▶ [Exercise]:
All of the records below should be retyped exactly, with no pictures included.

▶ [Material supplied]:
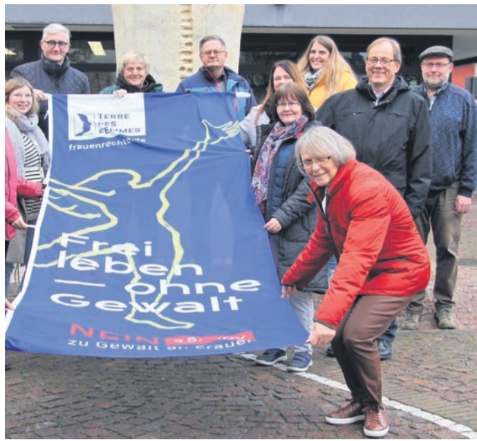
Flaggenhissen in Ober-Roden.

Laut Statistik wurden im Jahr 2021 in Deutschland bei der Polizei rund 143.000 Fälle angezeigt, bei denen Gewalt auf der Ebene von (Ex-)Paaren zu beklagen war. Bei knapp 80 Prozent der Tatverdächtigen handelte es sich nach Angaben der Ermittler um Männer. Bei gut 20 Prozent der Fälle ging die Gewalt
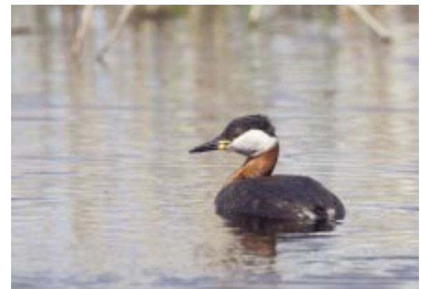
Gråhakedopping. Red-necked grebe. Rothalstaucher.
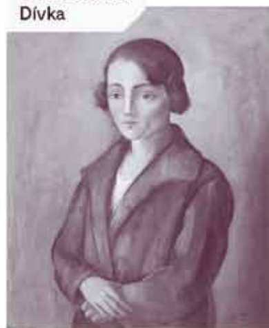
Otakar Kubín Dívka
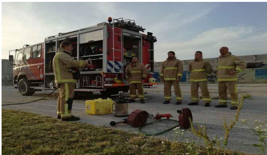
Slika 20. Skupna oprema vatrogasnih snaga [3]
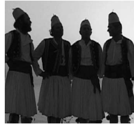
1 - FLUID VIDEO CREW, LINEA D'OMBRA , 6', 2004, IT

publicidad, el videoclip y el videoarte. A su vez, el vídeo, gracias a los contenidos y a la narración clásica, se alimenta del cine. Esto permite reducir costos y lo más importante: experimentar con la luz, los encuadres, la fotografía en general y el montaje. Los cineastas tienen la posibilidad de experimentar a nivel estético con resultados a veces notables, conseguir una nueva identidad que hasta ahora había sido limitada. La vocación realista del cine, desde todo punto de vista, ha dado paso a la investigación estética creando nuevos lenguajes. Los videoartistas, que en el pasado experimentaban exclusivamente en vídeo y su disfrute era únicamente en este formato (todos los exponentes del videoarte en Italia), ahora tienen la posibilidad real de producir una película narrativa en formato digital para ser vista en las salas de cine.
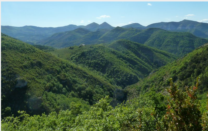
Panorama depuis le Rocher Saint-Michel (CCSB)
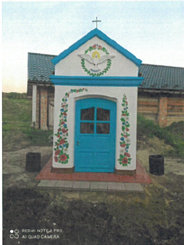
Kapliczka Matki Bożej Bolesnej. Wjazd do Więckowic.
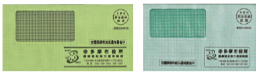
▲決定通知書用封筒

▶ [Response area]:
Flaggenhissen in Ober-Roden.

Laut Statistik wurden im Jahr 2021 in Deutschland bei der Polizei rund 143.000 Fälle angezeigt, bei denen Gewalt auf der Ebene von (Ex-)Paaren zu beklagen war. Bei knapp 80 Prozent der Tatverdächtigen handelte es sich nach Angaben der Ermittler um Männer. Bei gut 20 Prozent der Fälle ging die Gewalt
Gråhakedopping. Red-necked grebe. Rothalstaucher.
Otakar Kubín Dívka
Slika 20. Skupna oprema vatrogasnih snaga [3]
1 - FLUID VIDEO CREW, LINEA D'OMBRA , 6', 2004, IT

publicidad, el videoclip y el videoarte. A su vez, el vídeo, gracias a los contenidos y a la narración clásica, se alimenta del cine. Esto permite reducir costos y lo más importante: experimentar con la luz, los encuadres, la fotografía en general y el montaje. Los cineastas tienen la posibilidad de experimentar a nivel estético con resultados a veces notables, conseguir una nueva identidad que hasta ahora había sido limitada. La vocación realista del cine, desde todo punto de vista, ha dado paso a la investigación estética creando nuevos lenguajes. Los videoartistas, que en el pasado experimentaban exclusivamente en vídeo y su disfrute era únicamente en este formato (todos los exponentes del videoarte en Italia), ahora tienen la posibilidad real de producir una película narrativa en formato digital para ser vista en las salas de cine.
Panorama depuis le Rocher Saint-Michel (CCSB)
Kapliczka Matki Bożej Bolesnej. Wjazd do Więckowic.
▲決定通知書用封筒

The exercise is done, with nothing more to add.